RECORDED DATA
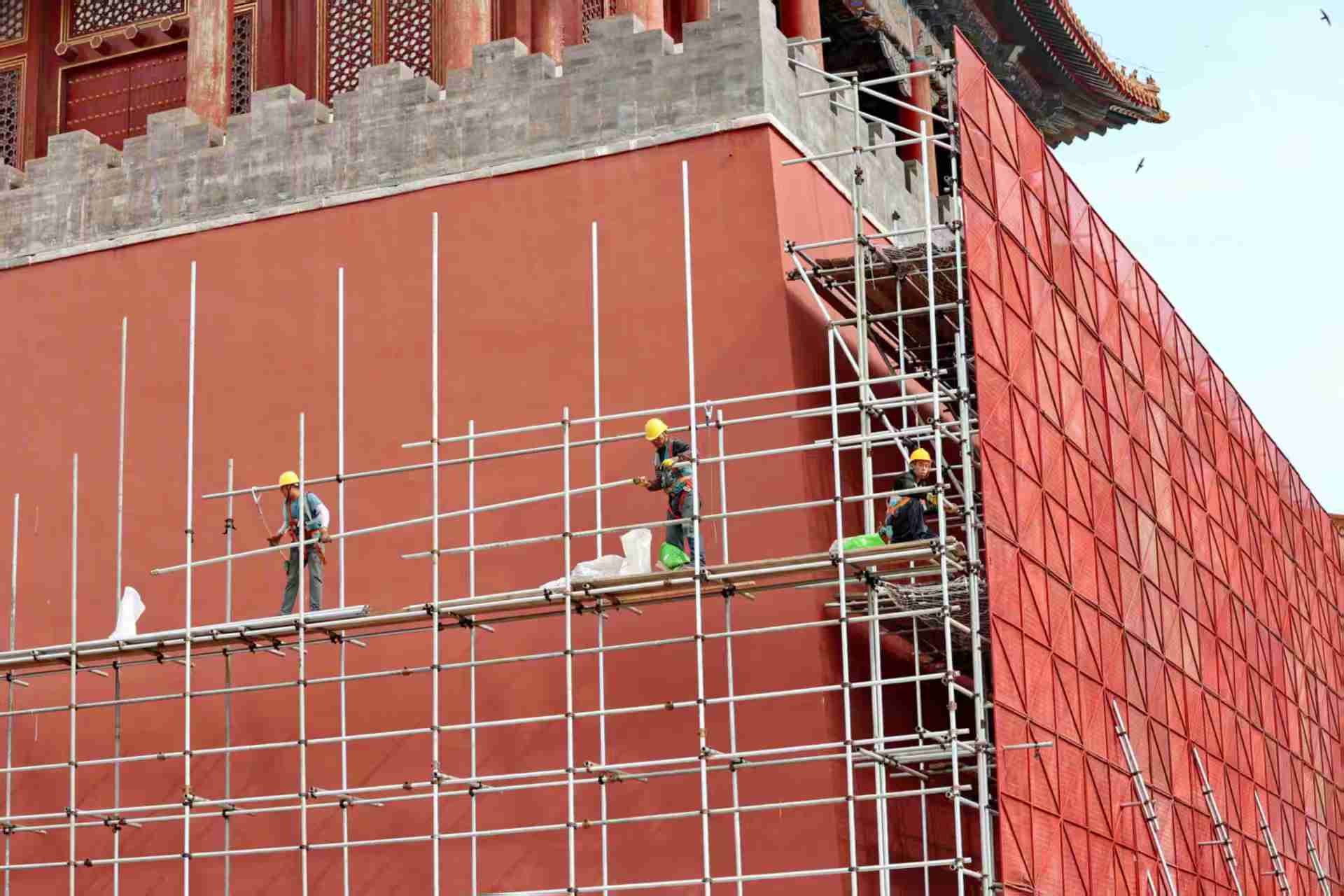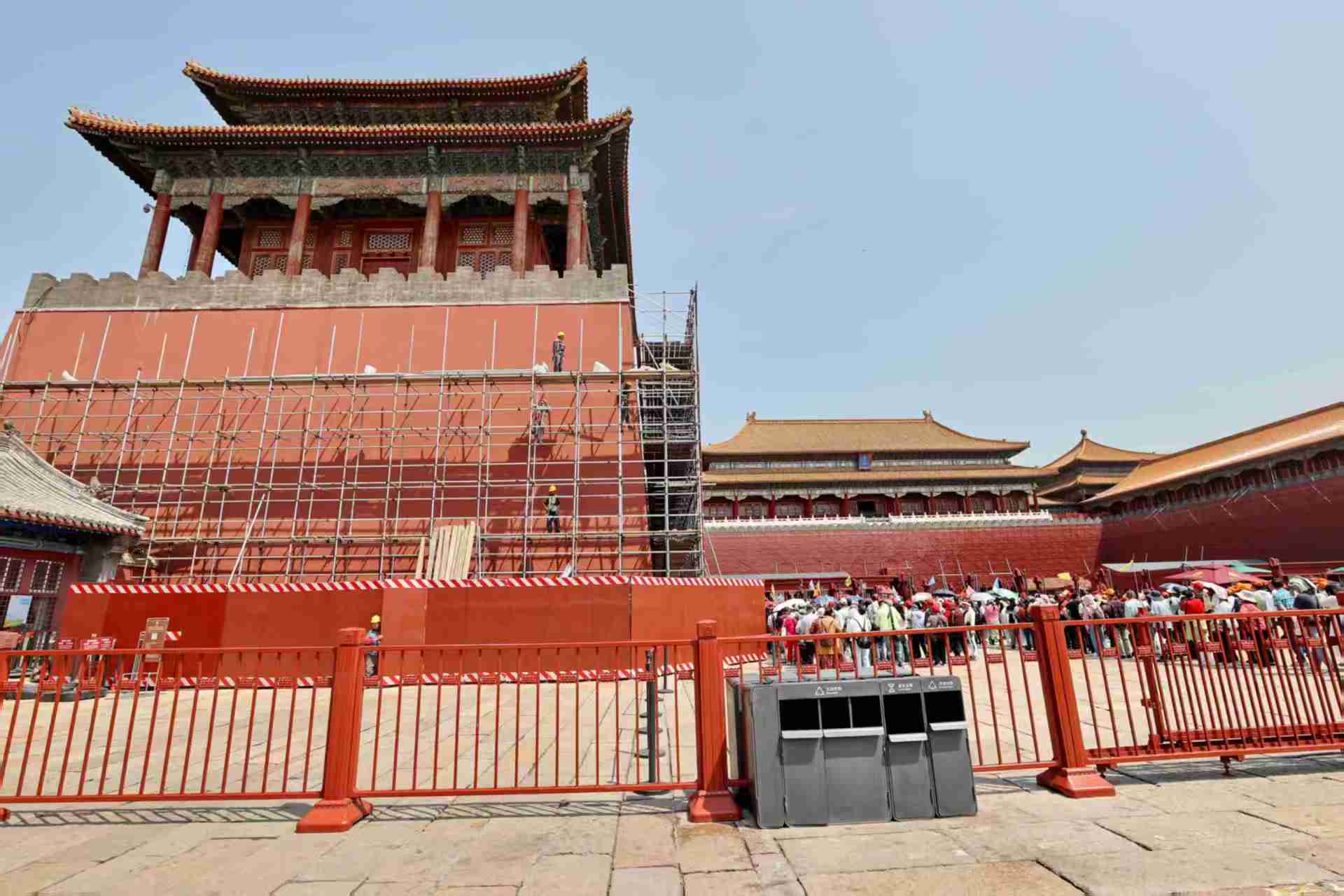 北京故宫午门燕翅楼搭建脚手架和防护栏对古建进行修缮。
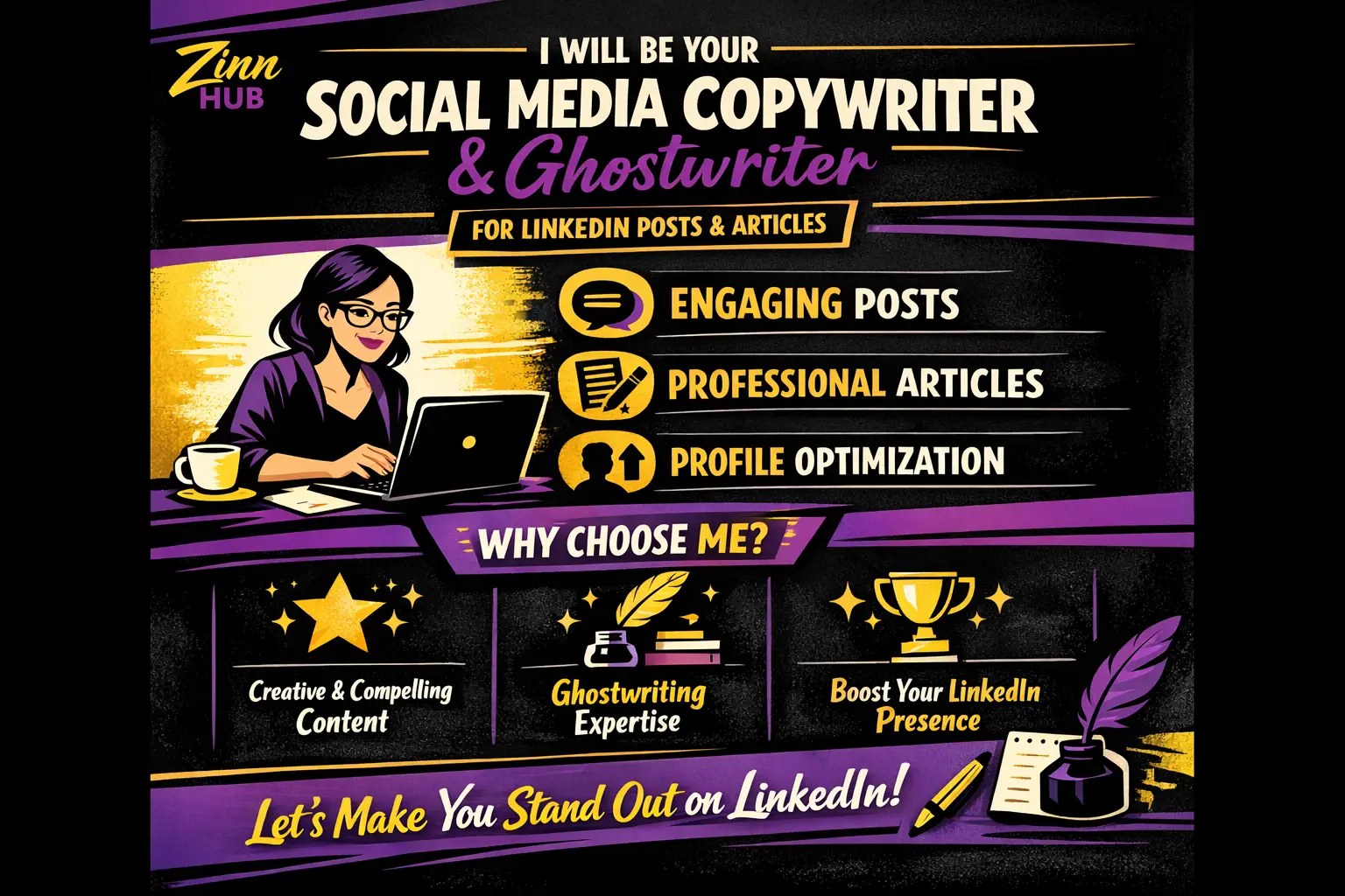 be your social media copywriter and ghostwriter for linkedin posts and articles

* * *

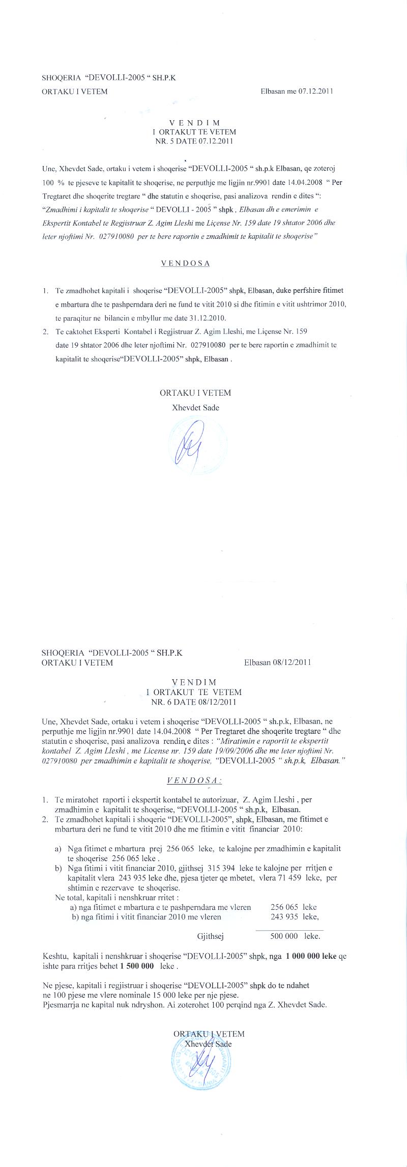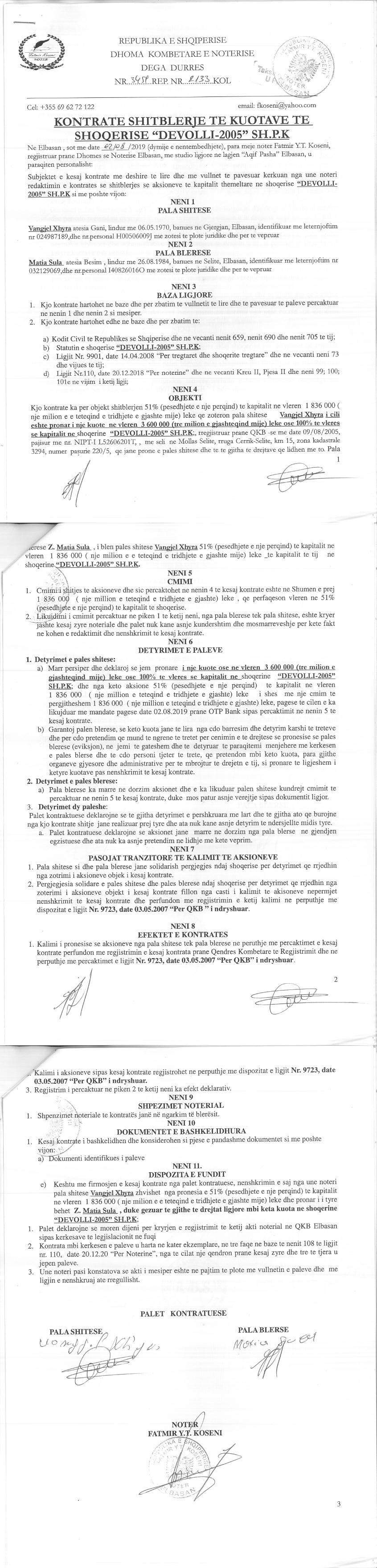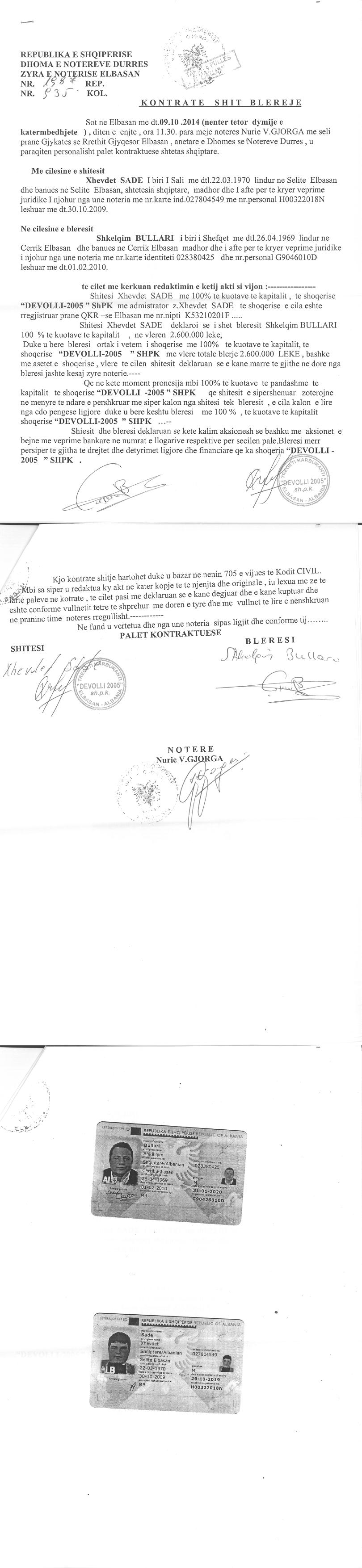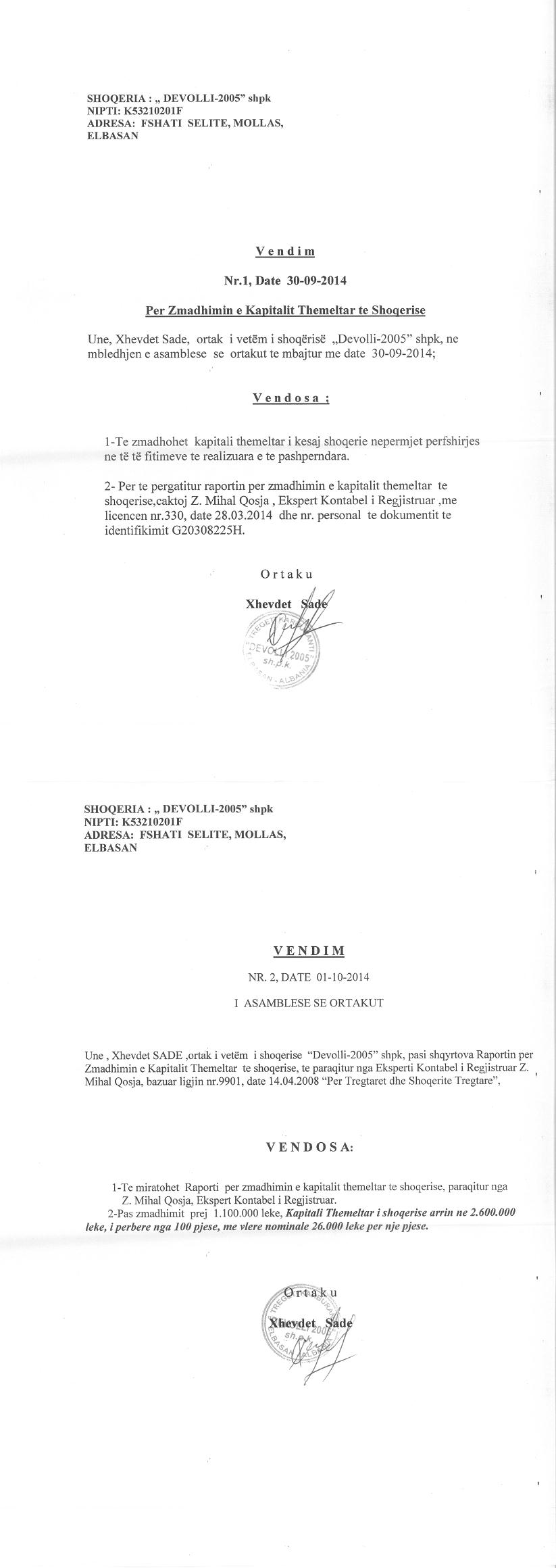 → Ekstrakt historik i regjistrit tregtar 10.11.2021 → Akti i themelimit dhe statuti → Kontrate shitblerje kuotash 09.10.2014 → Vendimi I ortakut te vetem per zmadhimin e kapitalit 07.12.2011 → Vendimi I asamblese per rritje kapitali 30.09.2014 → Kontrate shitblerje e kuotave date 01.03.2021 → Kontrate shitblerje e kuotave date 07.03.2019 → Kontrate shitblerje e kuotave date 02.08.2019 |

EXERCISE GOAL
What you need to produce is an exact copy of the entries above, limited to the lines from the one with "北京故宫午门燕翅楼搭建脚手架和防护栏对古建进行修缮。" up to and including the one with "be your social", without pictures.

TASK OUTPUT
 北京故宫午门燕翅楼搭建脚手架和防护栏对古建进行修缮。
 be your social media copywriter and ghostwriter for linkedin posts and articles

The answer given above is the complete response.